Analyze the Symmetry of the Cube: By symmetry, the current through the branches \( e-b \) and \( g-d \) is zero, as these branches are equidistant from points \( a \) and \( c \). Thus, we can ignore these branches in our analysis.
Determine the Equivalent Resistance of the Cube: After ignoring the branches \( e-b \) and \( g-d \), the remaining network of resistances can be simplified. The equivalent resistance \( R_{\text{eq}} \) between points \( a \) and \( c \) is: \[ R_{\text{eq}} = \frac{3}{2} \, \Omega \]
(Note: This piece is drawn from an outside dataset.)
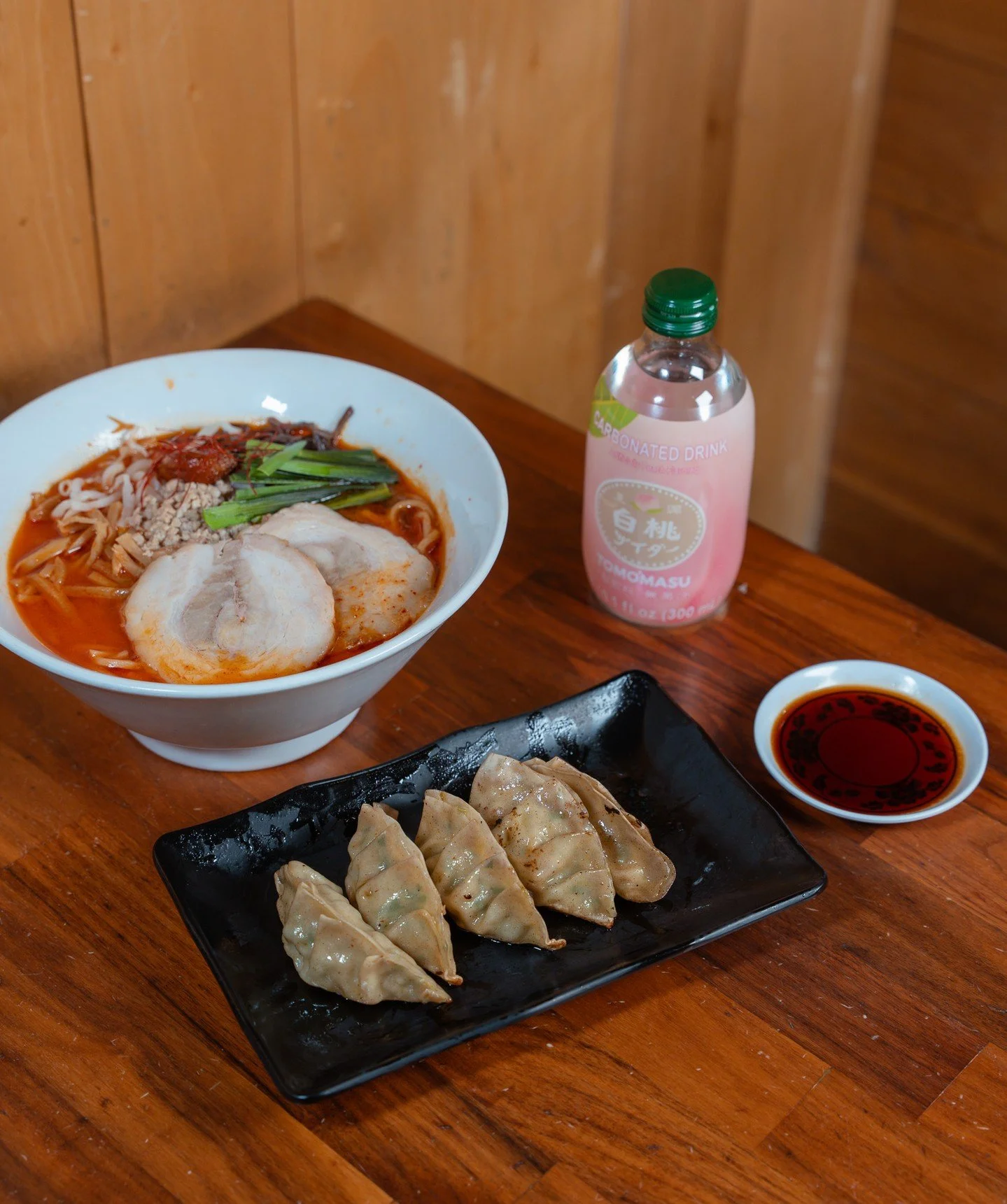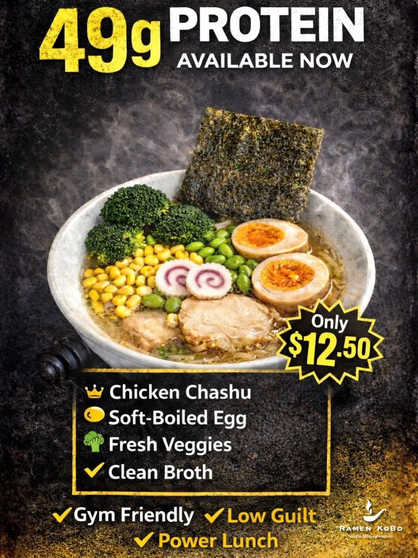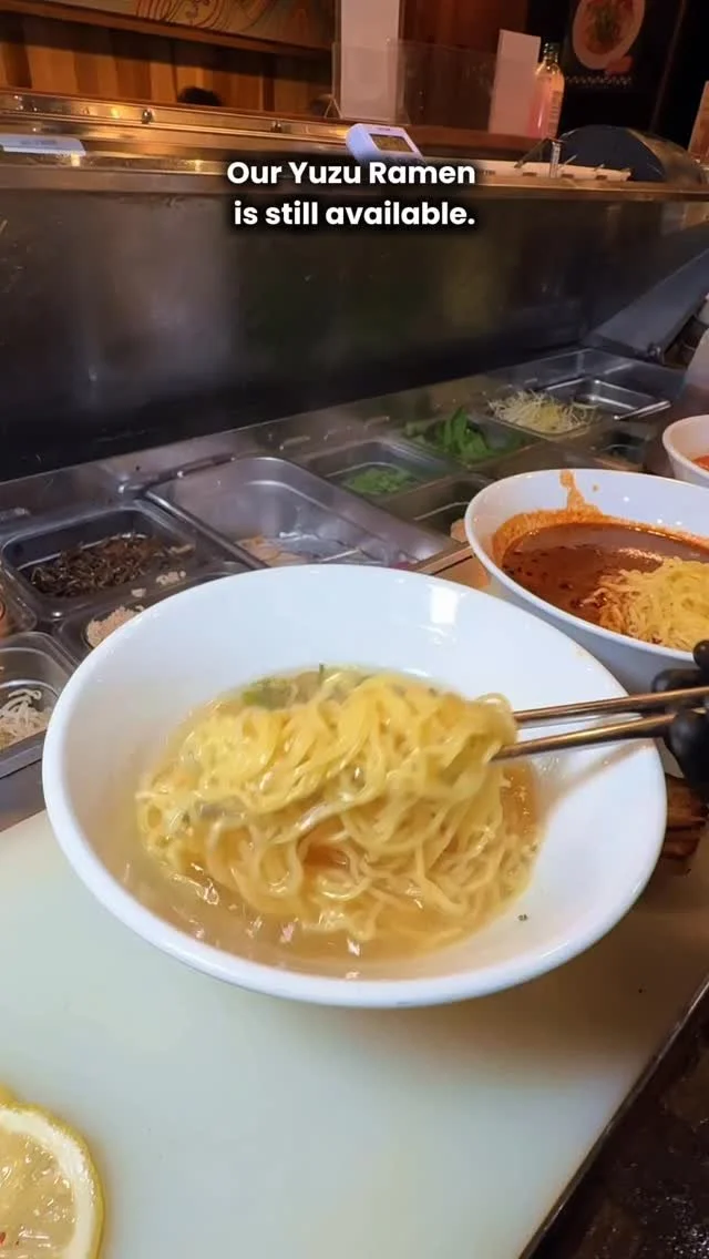 Bright, bold, and refreshing — our Yuzu Ramen features a citrusy chicken broth topped with grilled chicken, sliced lemon, shredded leeks, and kaiware. A zesty twist on comfort in every bowl.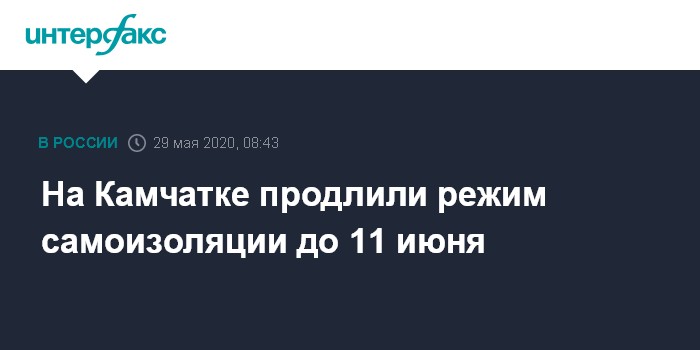 Москва. 29 мая. INTERFAX.RU - Режим самоизоляции из-за COVID-19 продлен в Камчатском крае как минимум до 11 июня, сообщил в пятницу журналистам врио губернатора края Владимир Солодов.

Calculate the Current Through the Battery: The total current \( I \) supplied by the battery with emf \( 6 \, \text{V} \) is: \[ I = \frac{V}{R_{\text{eq}}} = \frac{6}{\frac{3}{2}} = 4 \, \text{A} \]
Determine the Current Through Each Branch: Due to the symmetry of the cube, the current divides equally among the paths. The current \( i_2 \) through each resistor in the branches involving \( e \) and \( f \) is: \[ i_2 = \frac{4}{8} \times 2 = 1 \, \text{A} \]
Calculate the Voltage Difference Between Points \( e \) and \( f \): The voltage difference \( \Delta V \) between points \( e \) and \( f \) across a single \( 2 \, \Omega \) resistor is: \[ \Delta V = i_2 \times R = 1 \times 1 = 1 \, \text{V} \]
Conclusion: The voltage difference between \( e \) and \( f \) is \( 1 \, \text{V} \).